Stress, I’ve long suspected, may explain why lifespans have been lengthening for high-income Americans but have remained the same or even shortened for low-income and middle-income people. A new analysis from the Hamilton Project released today adds important evidence: Biomarkers of stress have risen much more rapidly for low-income people than for high-income ones.
The most recent national data show that life expectancy declined in 2015. Although these statistics are not broken down by income, it’s a good bet that the greatest declines were concentrated among lower- and middle-income people, because for decades gaps in life expectancy by income have been widening — as a National Academy of Sciences panel I co-chaired documented.
Our panel was unable to explain why this has been happening, however. A sharper decline in smoking among high-income people is one partial explanation, but this and other identifiable factors can’t account for most of the growing longevity gap. And so I’ve come to suspect that the hidden factor is stress: As income inequality has increased, life has become substantially more stressful for low- and moderate-income families than it is for high-income families, and prolonged exposure to such stress is literally killing people.

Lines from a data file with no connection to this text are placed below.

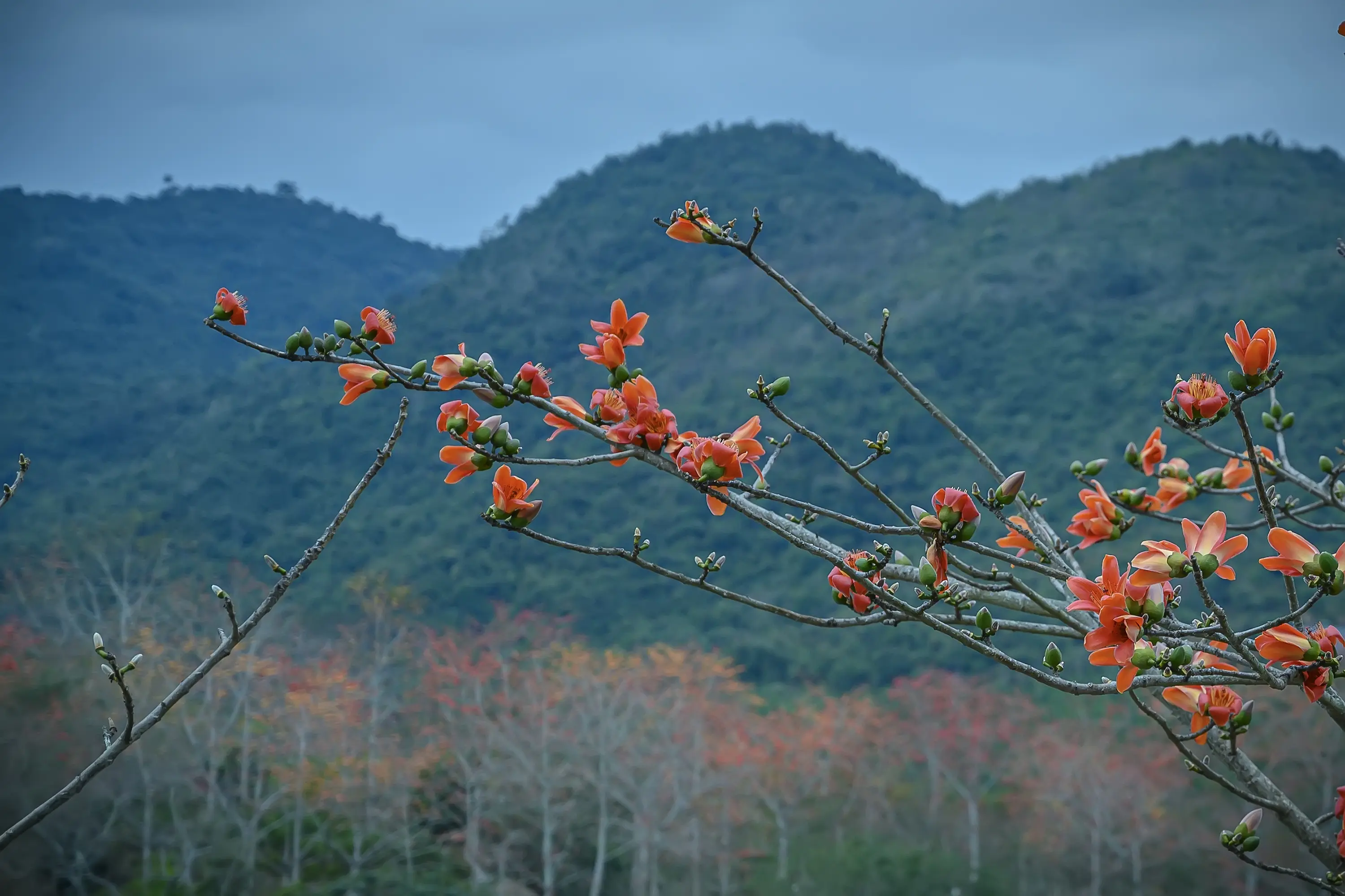 海南昌江木棉花。海南昌江黎族自治县素有“中国木棉之乡”的美誉,每年2月至3月是昌江黎族自治县木棉花开得最为绚烂的时节,靓丽景观令人流连忘返。
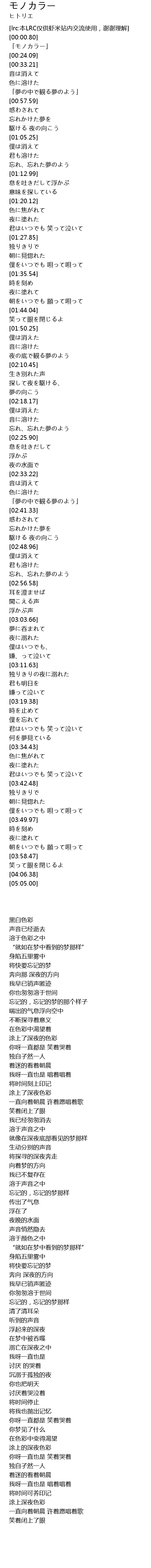 | [00:19.38] | 「モノカラー」 |
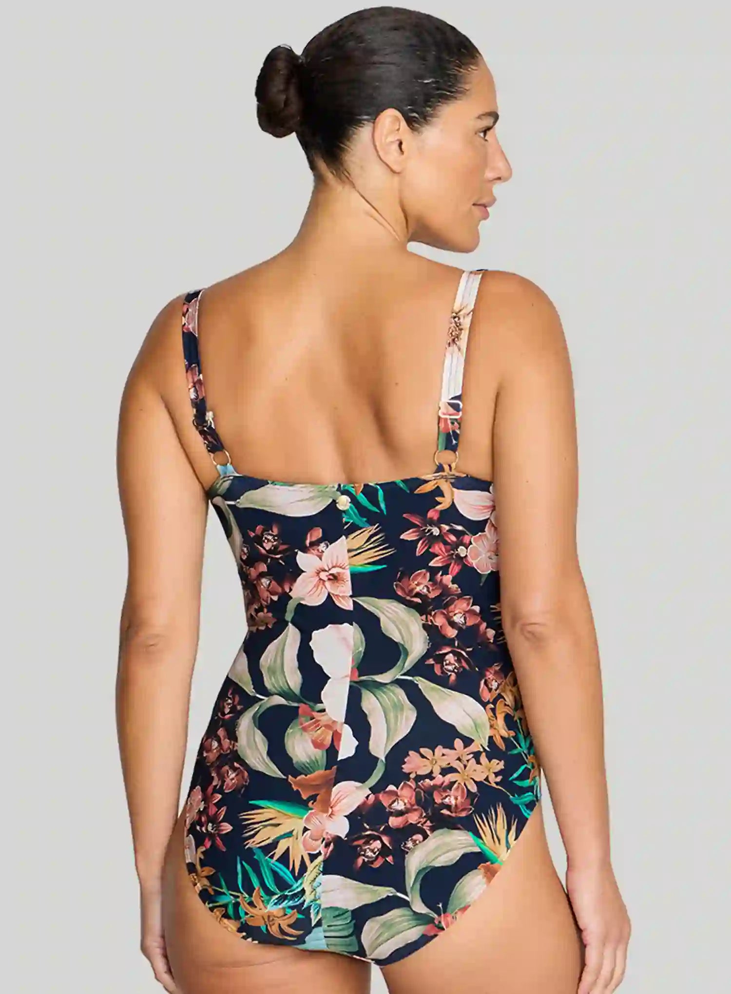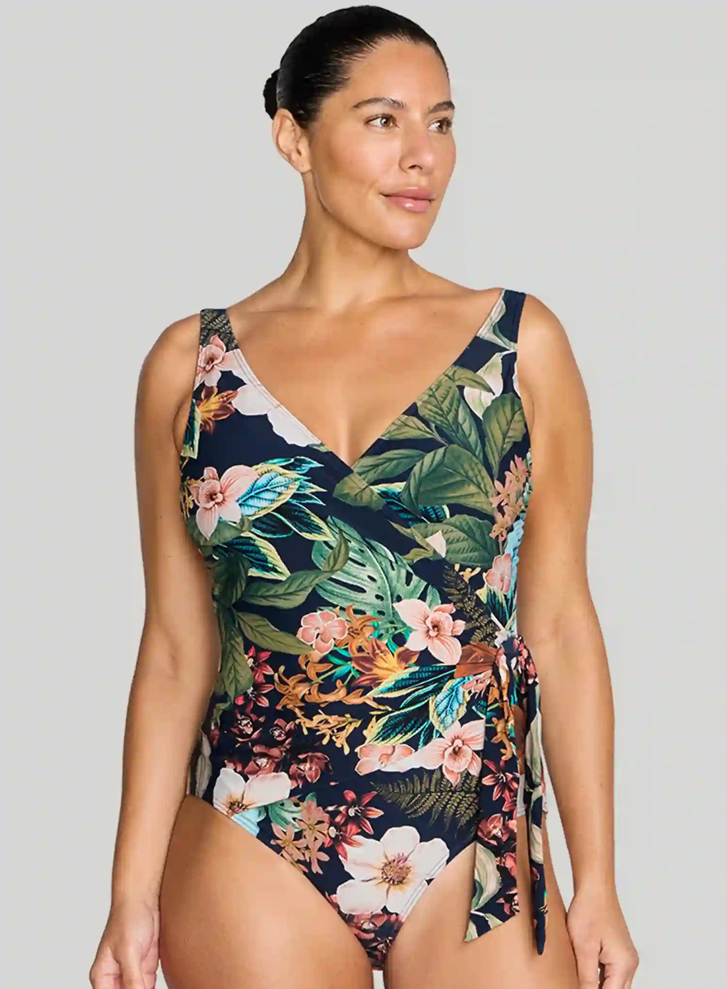 ARTESANDS Into The Saltu Hayes Underwire One Piece Navy is a beautifully sculpted swimsuit with a striking tropical print designed for support and style. Featuring a faux wrap design with a side tie to cinch the waist, Hayes enhances your natural curves with a hidden underwire shelf bra and soft removable foam cups.
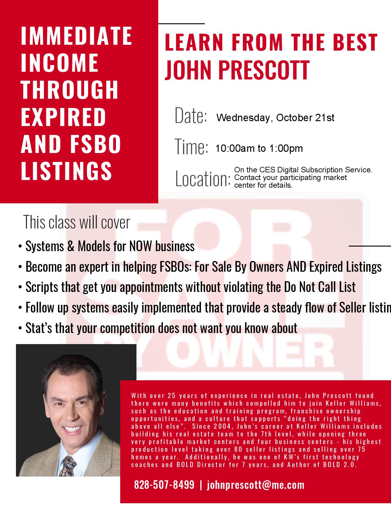 Don’t forget….John Prescott is coming to the CES Digital Subscription Service next week – Wednesday, 10/21. You won’t want to miss out! Check with your MC for registration information.
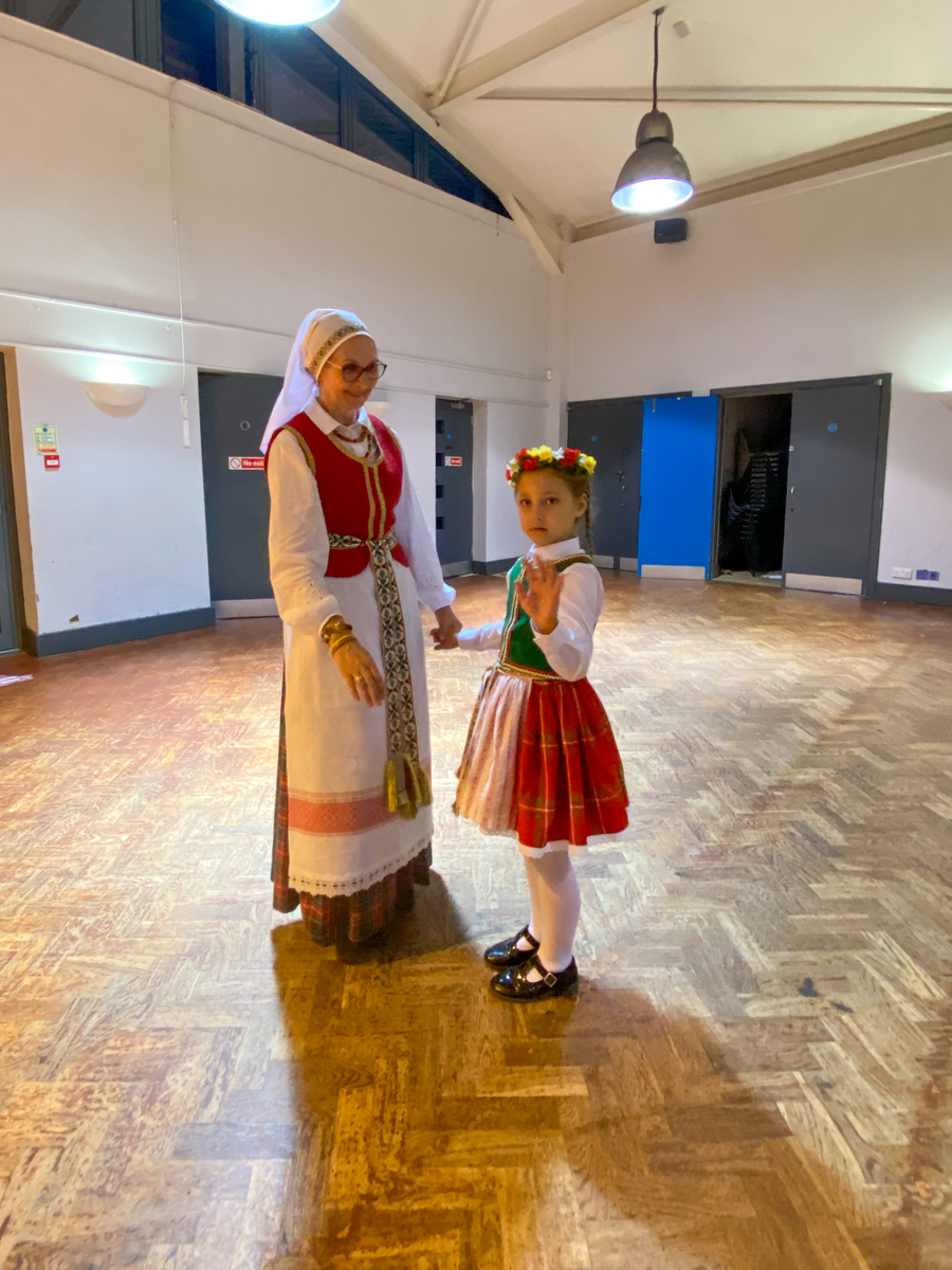 Pirmuosius tautinius rūbus saviveiklininkai persisiuvo iš senųjų, saugomų JK lietuvių bendruomenės pirmajame Londono skyriuje, investavę nemažai ir savo lėšų. Tuometinė vadovė D.Martinkėnienė pati sėdo prie siuvimo mašinos, ir, studijuodama literatūrą, pasiuvo kostiumus, tinkamus scenai.
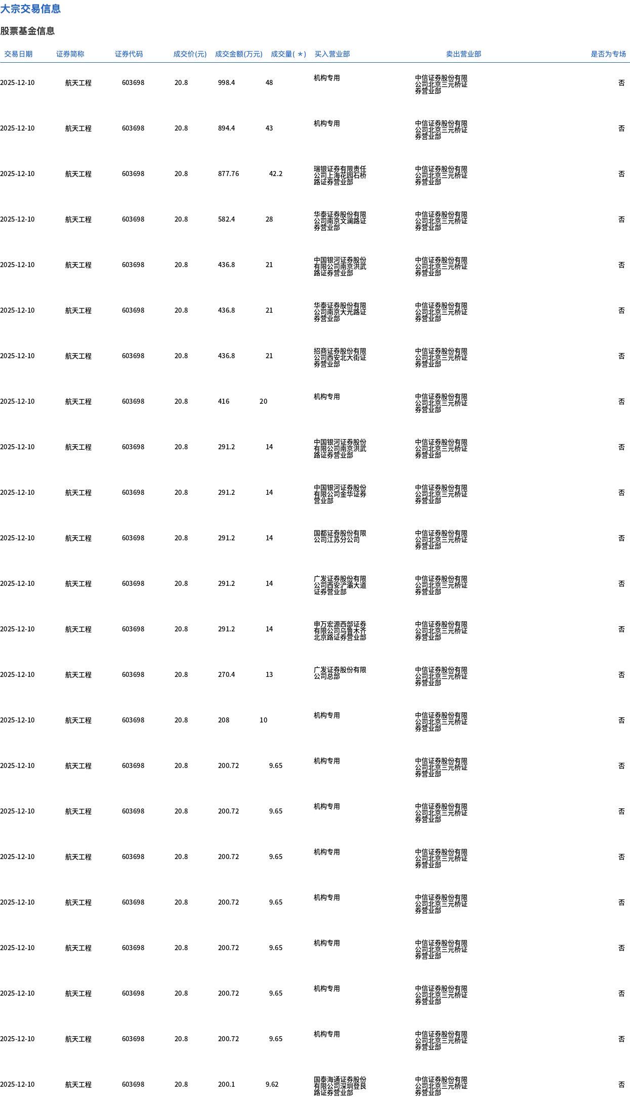 航天工程今日大宗交易折价成交414.37万股,成交额8618.9万元
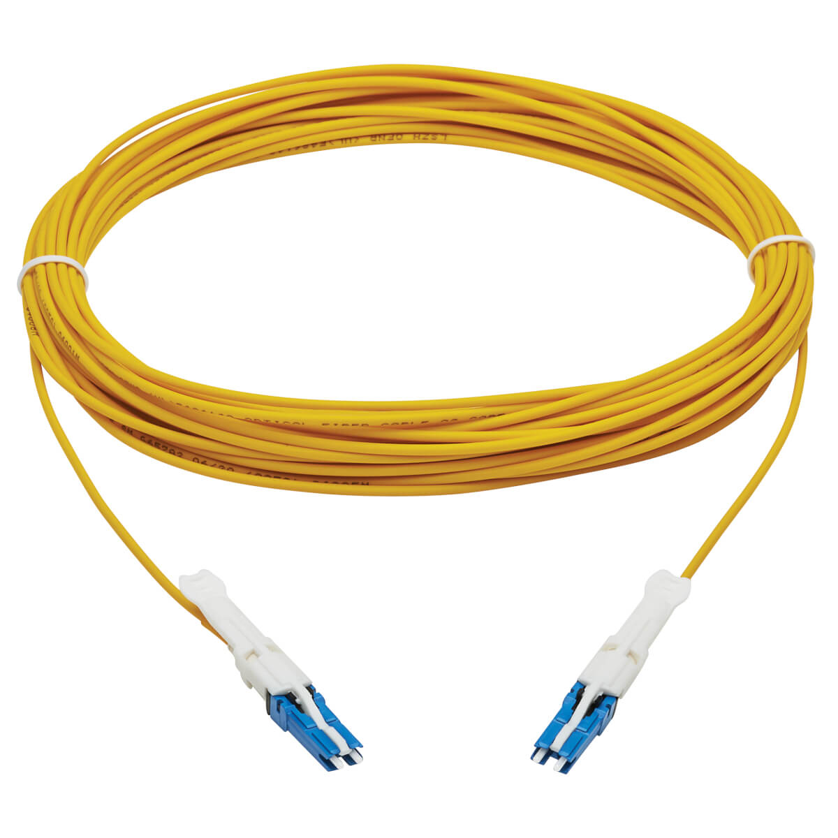 The OS2-rated cable has a yellow jacket, which is easy to identify quickly in a crowded patch panel or switch and helps prevent the cable from becoming accidentally disconnected. The round low-smoke zero-halogen (LSZH) jacket limits the amount of toxic smoke emitted in case of combustion, making it suitable for poorly ventilated areas. It also complies with G657A2 bend-insensitive fiber standards, which allows for easy installation without excessive care when storing the fiber due to the increased bend radius.
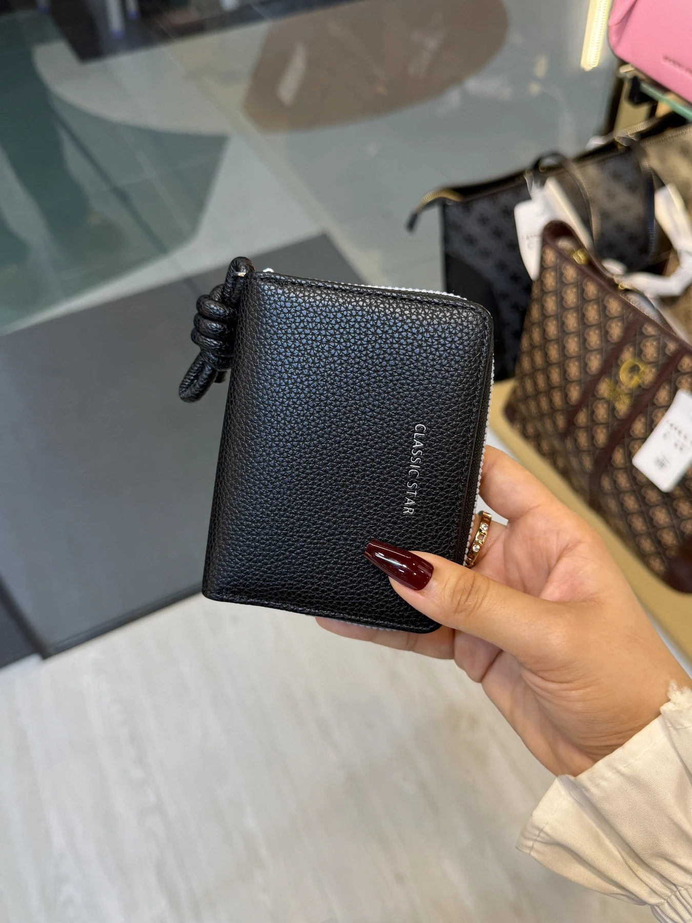 Functionality: Cash Compartment, Zipper, Card Holder.
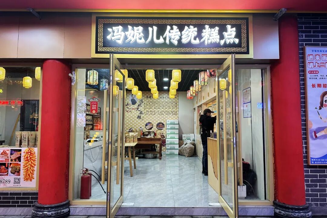 在武陵不夜城內街“馮妮傳統糕點鋪”,古樸的招牌格外引人注目,門外就能聞到熬制麻糖的香味。店內彌漫著濃郁的香甜氣息,是麻糖特有的味道。“熬制紅薯糖的時候要不停地翻動攪拌,直到顏色呈透明的琥珀色,舀起來可以自然成形流動才可以。”這位正在耐心細致地教師傅如何炒制麻糖的女士,正是“馮妮兒傳統糕點”店鋪的老板娘馮艷,她們家最響亮的招牌就是“馮妮麻糖”,這要從2017年開始說起。
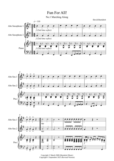 Alto Saxophone Duet Alto Saxophone - Level 1 - Digital Download SKU: A0.1287777 Composed by David Burndrett. Rock. 2 scores. 9 pages. David Burndrett #878862. Published by David Burndrett (A0.1287777). I have written this for beginner alto saxophones using quite easy notes. I composed these pieces of different moods to aim to help with beginner technique and musicality.It includes an optional easy piano part for added support.No.1 Marching alongNo.2 Sad SongNo.3 Twelve Bar Blues Boogie!Download includes the score and all of the parts. This product was created by a member of ArrangeMe, Hal Leonard's global self-publishing community of independent composers, arrangers, and songwriters. ArrangeMe allows for the publication of unique arrangements of popular titles and original compositions from a variety of voices and backgrounds. The length, difficulty, and retail pricing are determined solely by the discretion of the person who arranged or composed it. About Digital Downloads Digital Downloads are downloadable sheet music files that can be viewed directly on your computer, tablet or mobile device. Once you download your digital sheet music, you can view and print it at home, school, or anywhere you want to make music, and you don’t have to be connected to the internet. Just purchase, download and play! PLEASE NOTE: Your Digital Download will have a watermark at the bottom of each page that will include your name, purchase date and number of copies purchased. You are only authorized to print the number of copies that you have purchased. You may not digitally distribute or print more copies than purchased for use (i.e., you may not print or digitally distribute individual copies to friends or students).
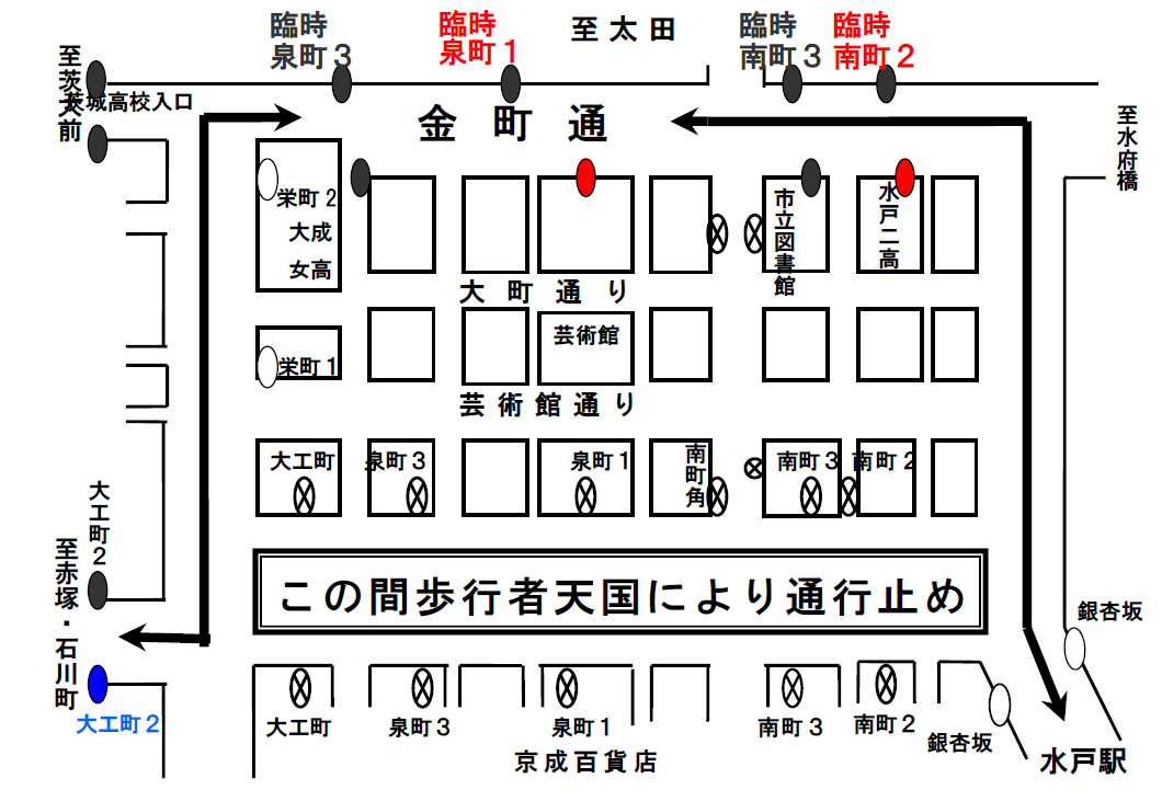 - ・水戸中央郵便局前から大工町交差点の間が交通規制となりますので、上記時間帯は金町通りを経由して運行します。

This has always been just a theory. While there has been plenty of indirect evidence, including the opioid epidemic, there has been little direct empirical support. One recent study did find an association between workplace stress and a decline in life expectancy, and the link was especially strong for low-income workers. But that study generated its results from several sets of assumptions, and so was only suggestive.
The new Hamilton Project analysis, however, noticeably strengthens the evidence. (I am on Hamilton’s advisory council.) Diane Schanzenbach, Megan Mumford, Ryan Nunn and Lauren Bauer examined changes over time in the relationship between health and income. And, using laboratory measurements of health biomarkers from the National Health and Nutrition Examination Survey, they constructed a new measure of stress load.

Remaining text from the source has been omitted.